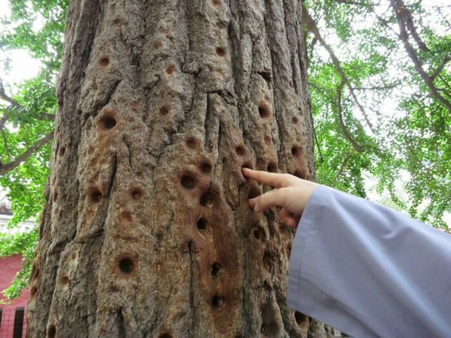 Shaolin rahiplerinin parmaklarını güçlendirmek için ağaç gövdesine bastırarak oluşturdukları delikler.
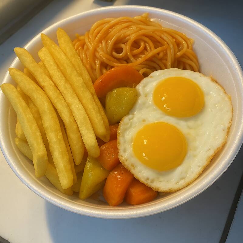 Arroz, feijão, macarrão, legumes do dia, batata frita e salada fresca
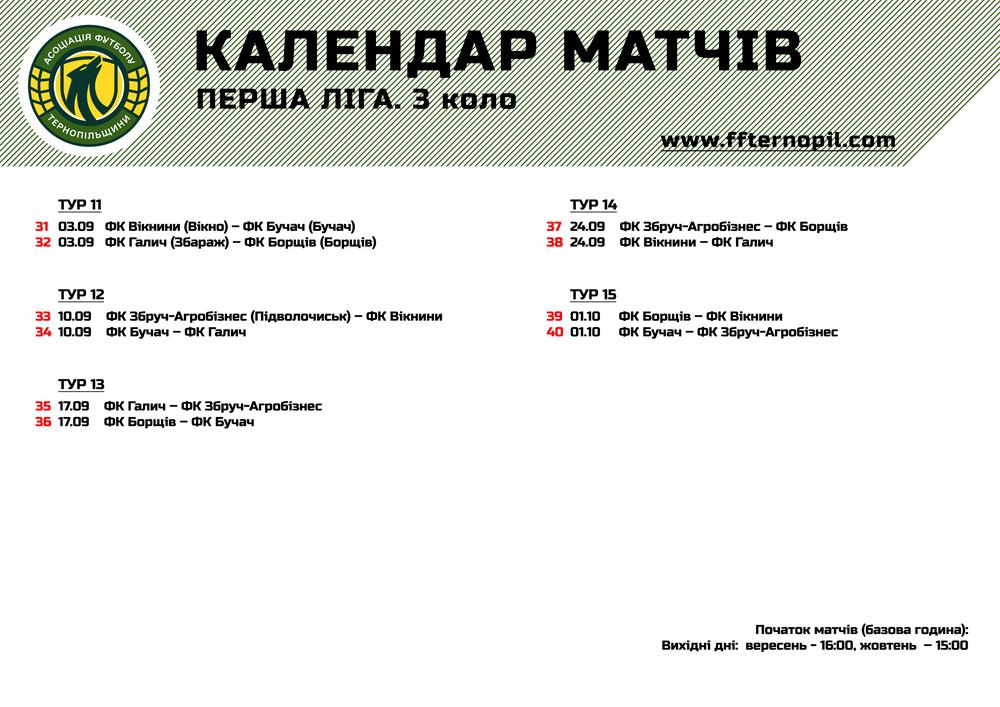 Календар матчів першої ліги чемпіонату Тернопільської області 2023 року. Третє коло

++++++++

__Task objective__:
No picture belongs in the copy; return the rest of the listing exactly.

__Response to the exercise__:
 Shaolin rahiplerinin parmaklarını güçlendirmek için ağaç gövdesine bastırarak oluşturdukları delikler.
 Arroz, feijão, macarrão, legumes do dia, batata frita e salada fresca
 Календар матчів першої ліги чемпіонату Тернопільської області 2023 року. Третє коло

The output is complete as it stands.